The wish in Frankfurt was simply to have the most competent candidate as the next ECB president. The risk was of a loss of credibility – a vital resource for central banks as they seek to combat inflation.
This week’s confusion as Axel Weber, Germany’s Bundesbank president, withdrew from the competition to take over from Mr Trichet at the end of October, has shown the selection process will certainly be messy, confusing and dictated by national politics. But it does not yet mean the end result will be bad.
As demonstrated this week, Mr Weber was not strong when it came to the self-discipline usually deemed essential for a central banker. He can act impulsively and is a poor communicator; he has still not declared formally that he will not run for the ECB, or how long he will stay at the Bundesbank, or whether he might take a job at Deutsche Bank.
Last year, the Bundesbank president confided to an interviewer that he admired Paul Volcker, the former US Federal Reserve chairman, who was “not a diplomat”. But Frankfurt is not Washington. The ECB has 1,500 employees from 27 countries who speak 23 languages. It works through consensus-based decision-making by its 23-strong governing council. It allows internal dissent, but expects loyalty once a decision is reached.

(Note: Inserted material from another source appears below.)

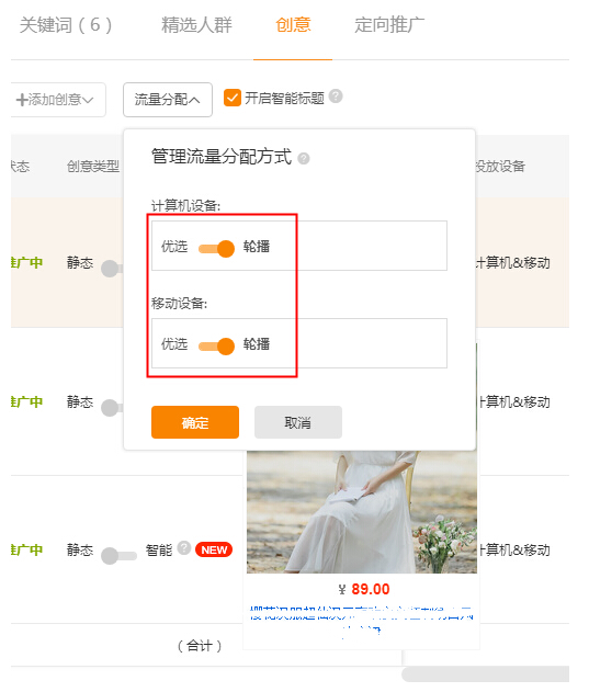创意要求:这个宝贝的创意要求,会更加需求高一些,第一个就是我们的这个宝贝测试的四张创意图,很大因素解决了我们的产品点击率,所以这四张图片,最好是从批量测试中挑选出来图片点击率最好的图,然后在结合我们的同行优质车图,可以直接在淘宝找你的产品核心词,付费展示位靠前,销量较大的的产品,参考他们的创意图的 底色、摆放/模特角度、场景、营销利益卖点 这些创意都是可以借鉴参考的。注意我们四张创意图的最好要各自具备独立不一样的卖点创意,图片不要使用“窦豆图、恶心图”,做好图片之后,选择流量分配为轮播次才能够知道那张图片更加突出。

Mr Weber clearly undermined that principle when last year he publicly criticised the the ECB’s government bond purchase programme. His candidacy alarmed at least some other council members.
For those reasons, Mr Weber’s elimination could be seen as showing that the selection process, for all its clumsiness, was working. The danger in the weeks ahead is that other candidates are eliminated for the wrong reasons.
One victim might be Mario Draghi, Italy’s central bank governor, a “hawkish” monetary policymaker with plenty of international banking experience as chairman of the Financial Stability Board, the global forum for regulators and central bankers.
Mr Draghi has run into opposition in Germany not, apparently, because of any character defect or wrong decisions.
He is out of favour because he once worked for Goldman Sachs and because there is a view that voters would not accept an ECB president from a southern European country – the debt crises in the past year have hit countries such as Greece, Portugal and Spain.
The risk then would be of a compromise candidate emerging as frontrunner to take over from Mr Trichet simply because he had not offended anybody.
Whatever his skills, Erkki Liikanen, Finland’s central bank governor would fall into this category.
Berlin may push for another German, arguing that Germany is under-represented at the top of international economic organisations. The candidacy of Klaus Regling, German head of the European Financial Stability Facility – the eurozone’s new rescue fund – could gain momentum.
But at least part of the objections outside Germany to Mr Weber’s candidacy – for instance in Paris – reflected concerns about Germans’ traditionally cautious approach to central banking, focused heavily on inflation fighting. For all his European experience, Mr Regling may be saddled with the same image.
To win the ECB presidency a candidate will need to secure political support across the 17 countries of the eurozone, with the final decision being taken by government leaders.
That implies plenty more horse-trading between national capitals before a winner emerges with majority backing.
Still, that could play to the next ECB president’s long-term advantage. Especially during the past year of the eurozone debt crisis, much of Mr Trichet’s time has been spent building consensus – inside the ECB as well as outside – behind emergency steps to stabilise Europe’s monetary union. A candidate who did not have backing across the region would find that harder.